#### [THE TASK]
Skip the pictures and write out, word for word, the lines below from the one with "1862 se ve Štěpánovicích" through the one with "史志军代表淮安向来宾表示热烈", inclusive.

#### [RECORDS FOR THE EXERCISE]
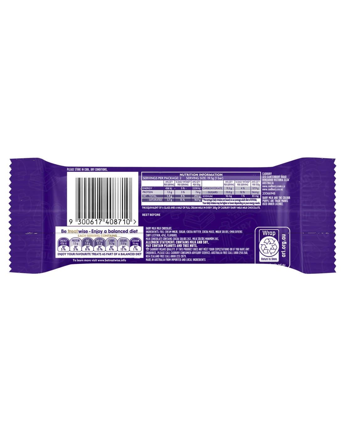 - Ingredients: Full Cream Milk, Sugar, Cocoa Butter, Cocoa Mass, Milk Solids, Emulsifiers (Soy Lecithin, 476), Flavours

==

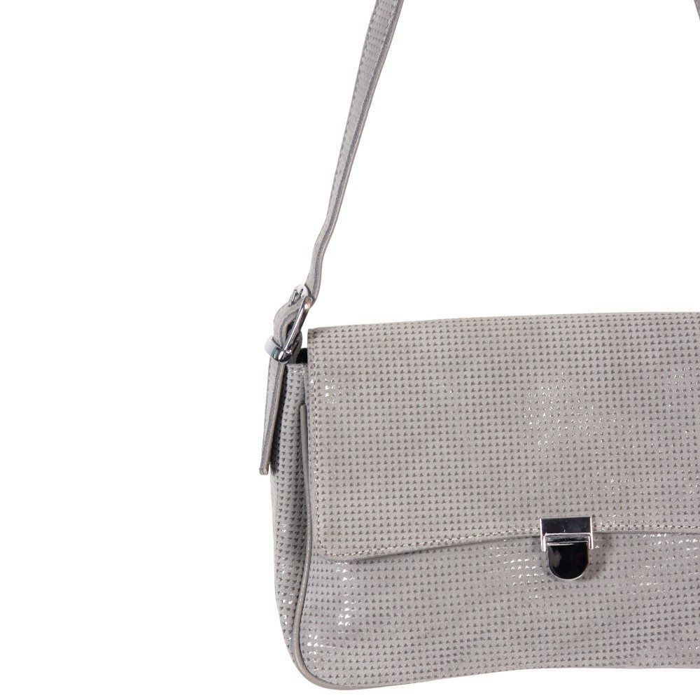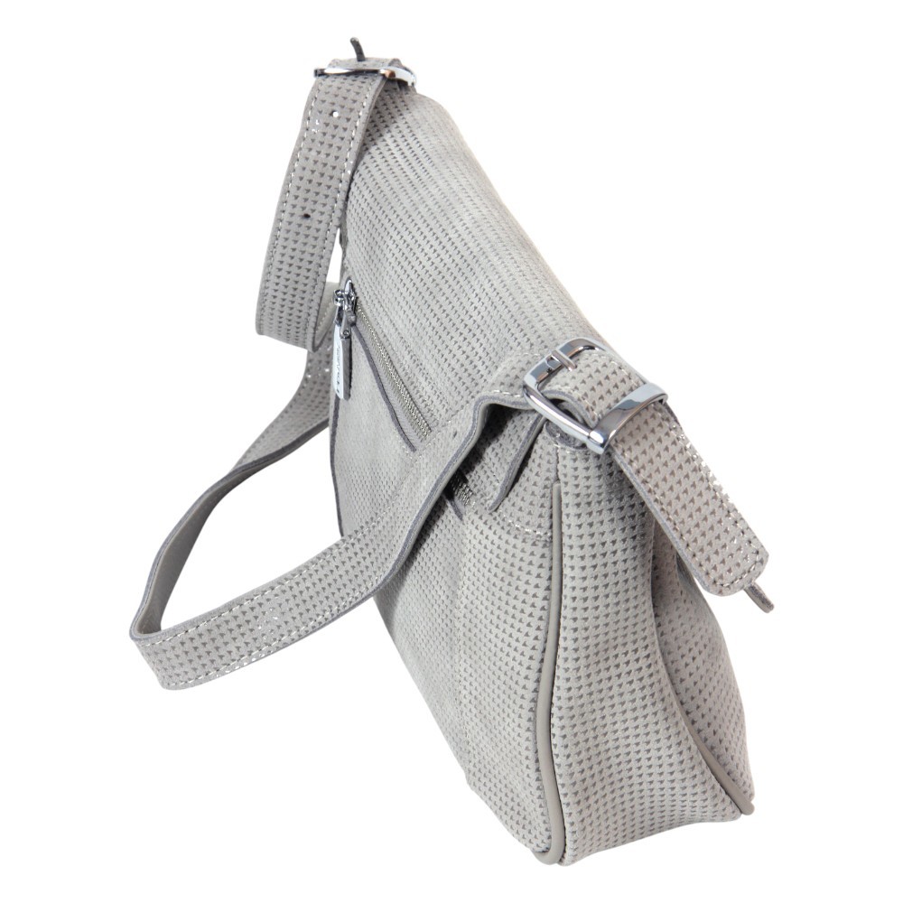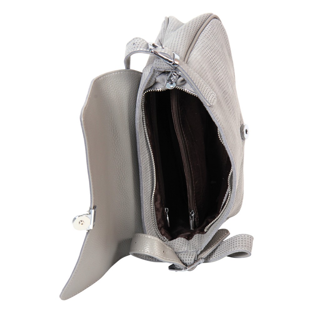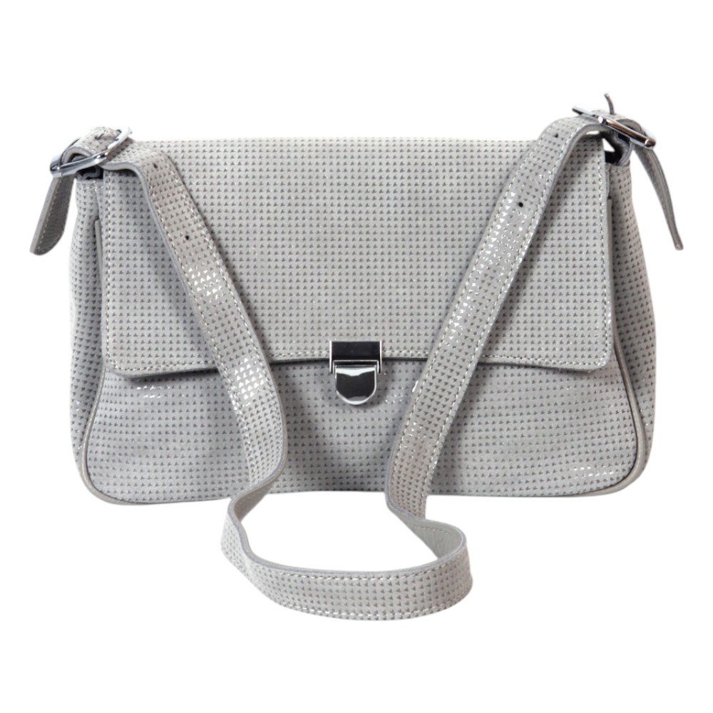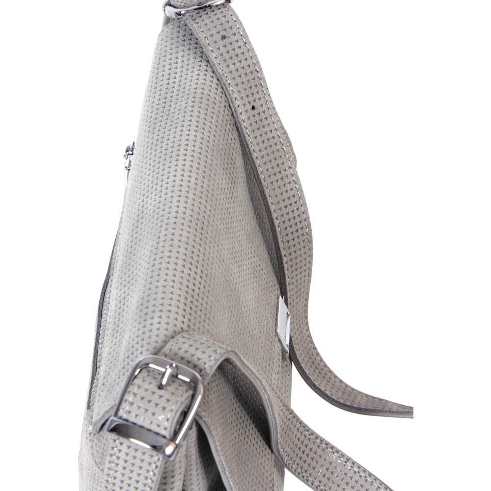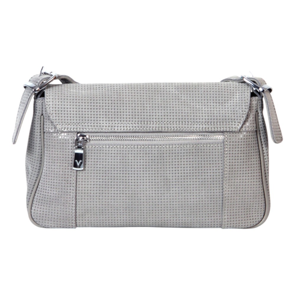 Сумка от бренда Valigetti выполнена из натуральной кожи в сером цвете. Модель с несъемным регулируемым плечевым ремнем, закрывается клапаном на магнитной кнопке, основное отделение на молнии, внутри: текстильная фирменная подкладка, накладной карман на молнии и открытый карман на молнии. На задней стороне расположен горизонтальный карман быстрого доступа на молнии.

...

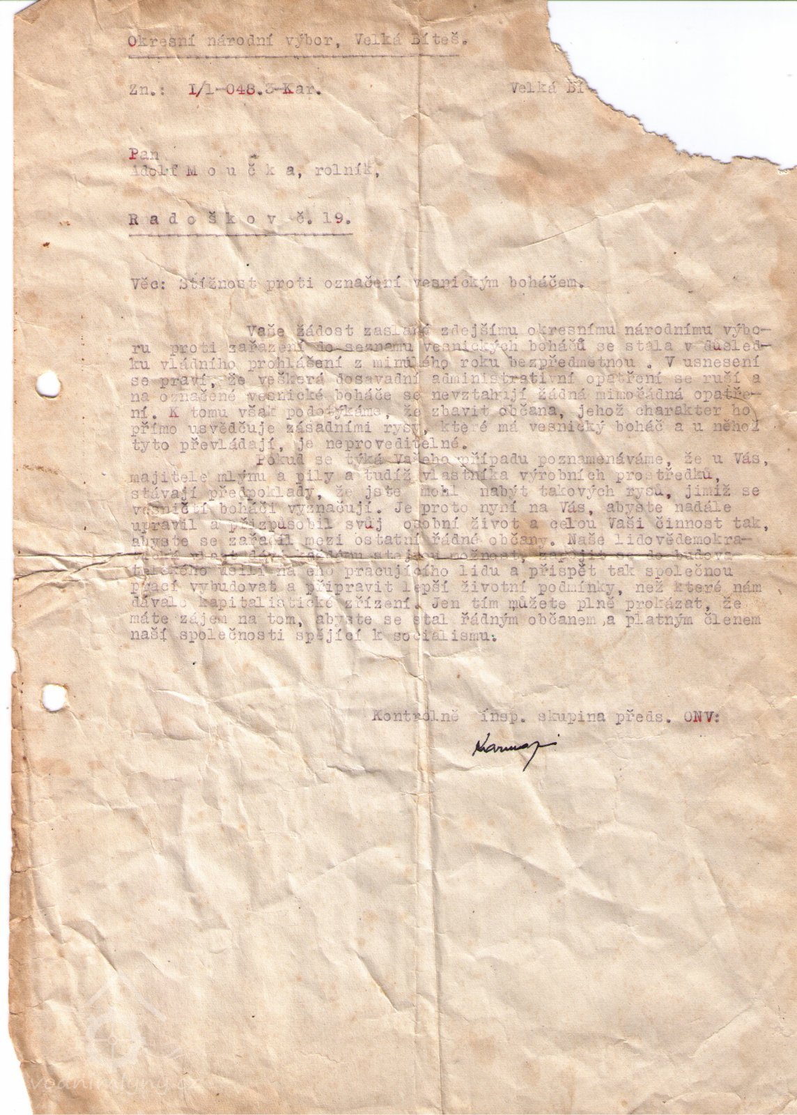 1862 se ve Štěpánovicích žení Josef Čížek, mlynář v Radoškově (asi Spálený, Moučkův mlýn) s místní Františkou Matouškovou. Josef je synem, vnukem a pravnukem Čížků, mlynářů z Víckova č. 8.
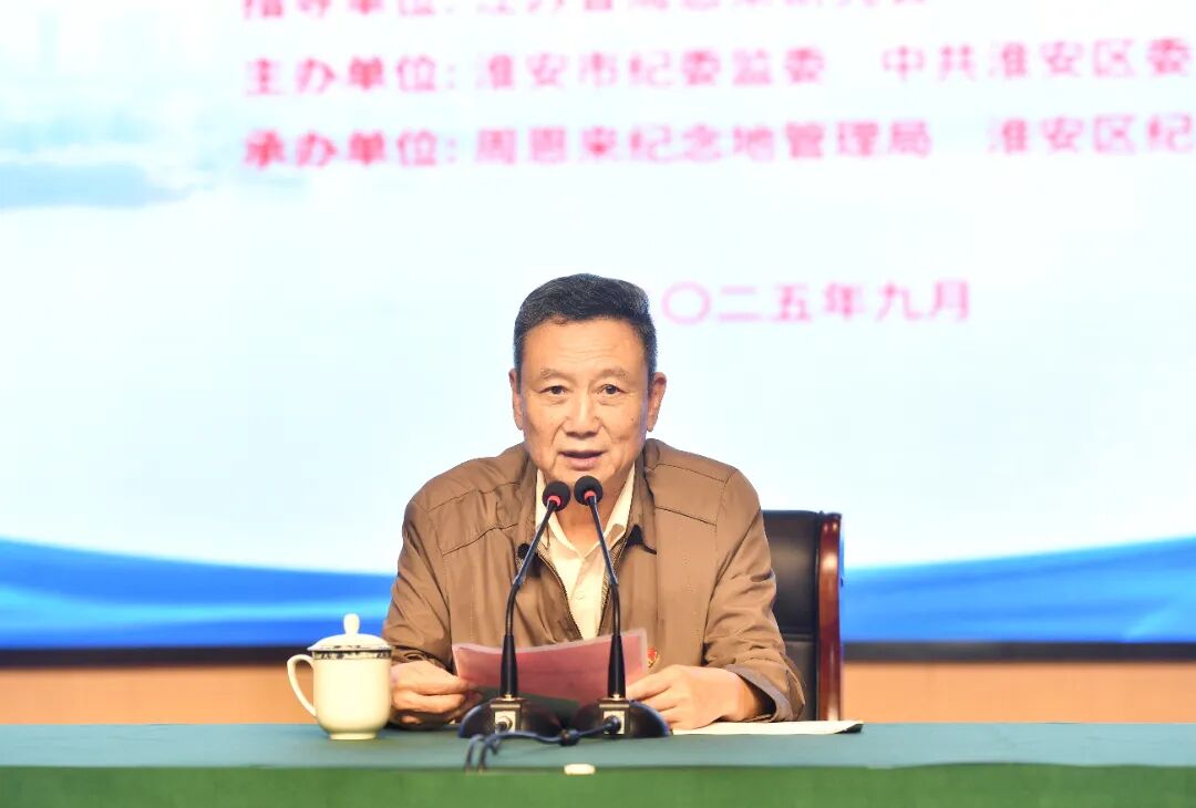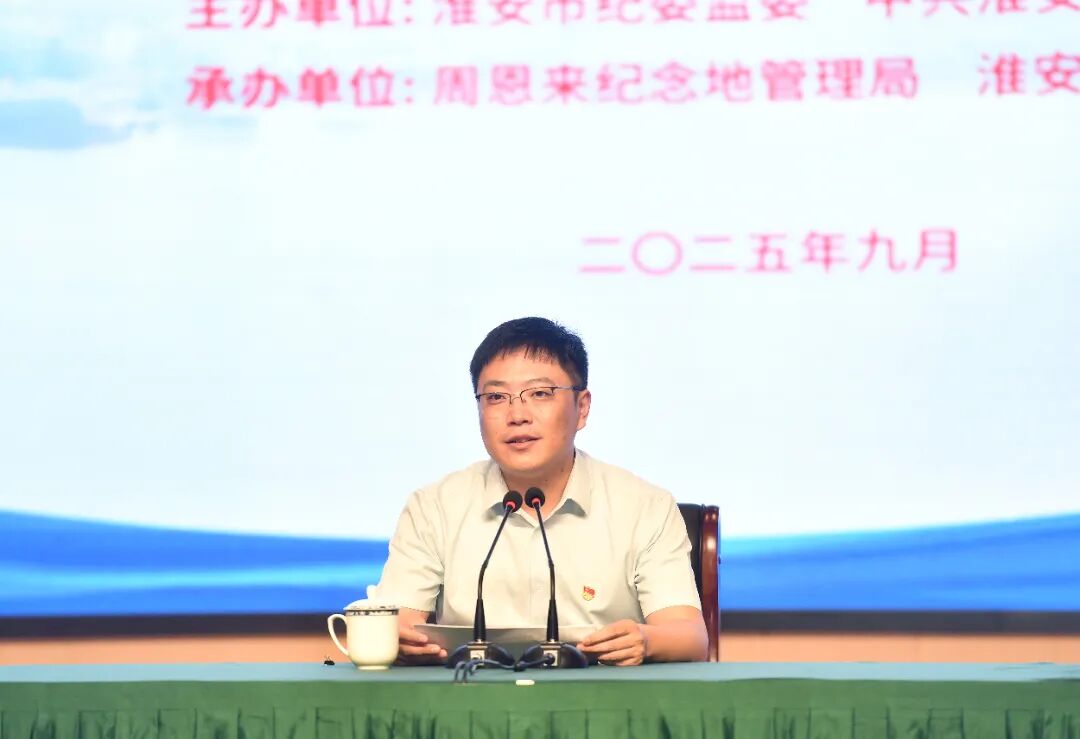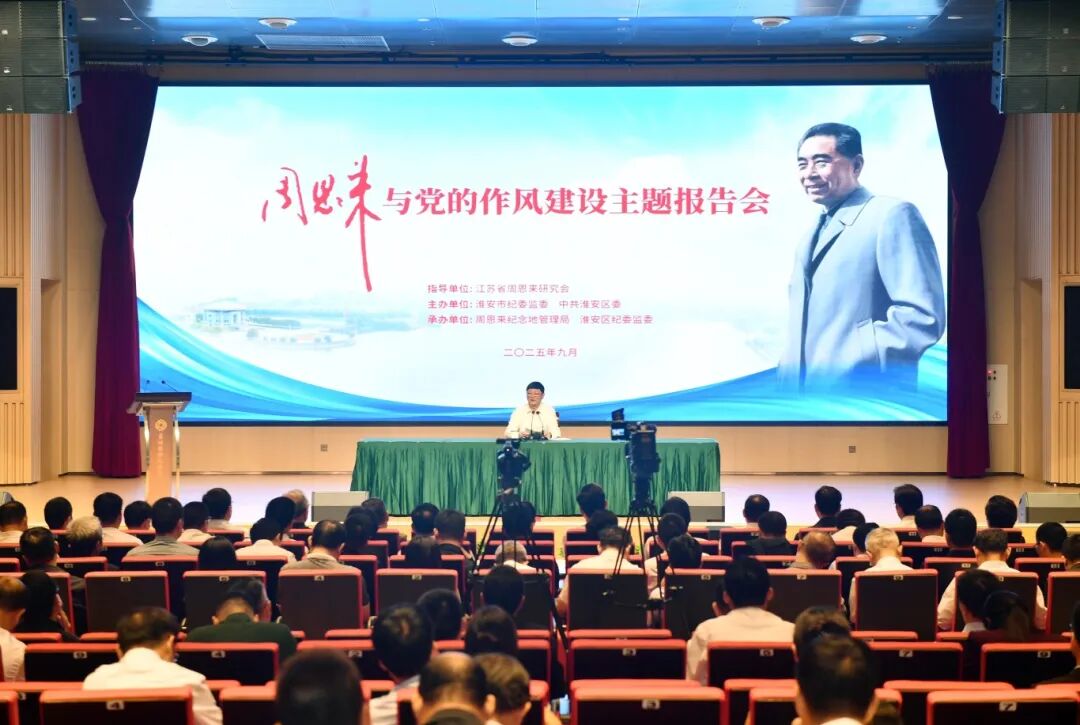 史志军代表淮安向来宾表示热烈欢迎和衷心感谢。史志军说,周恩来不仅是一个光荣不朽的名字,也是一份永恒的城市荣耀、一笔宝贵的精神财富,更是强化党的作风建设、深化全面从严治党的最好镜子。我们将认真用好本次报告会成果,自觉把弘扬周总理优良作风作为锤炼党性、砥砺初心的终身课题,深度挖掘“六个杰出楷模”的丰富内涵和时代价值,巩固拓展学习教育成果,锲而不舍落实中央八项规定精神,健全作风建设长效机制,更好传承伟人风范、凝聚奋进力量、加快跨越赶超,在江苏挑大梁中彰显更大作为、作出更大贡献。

#### [ANSWER TO THE PROBLEM]
 1862 se ve Štěpánovicích žení Josef Čížek, mlynář v Radoškově (asi Spálený, Moučkův mlýn) s místní Františkou Matouškovou. Josef je synem, vnukem a pravnukem Čížků, mlynářů z Víckova č. 8.
 史志军代表淮安向来宾表示热烈欢迎和衷心感谢。史志军说,周恩来不仅是一个光荣不朽的名字,也是一份永恒的城市荣耀、一笔宝贵的精神财富,更是强化党的作风建设、深化全面从严治党的最好镜子。我们将认真用好本次报告会成果,自觉把弘扬周总理优良作风作为锤炼党性、砥砺初心的终身课题,深度挖掘“六个杰出楷模”的丰富内涵和时代价值,巩固拓展学习教育成果,锲而不舍落实中央八项规定精神,健全作风建设长效机制,更好传承伟人风范、凝聚奋进力量、加快跨越赶超,在江苏挑大梁中彰显更大作为、作出更大贡献。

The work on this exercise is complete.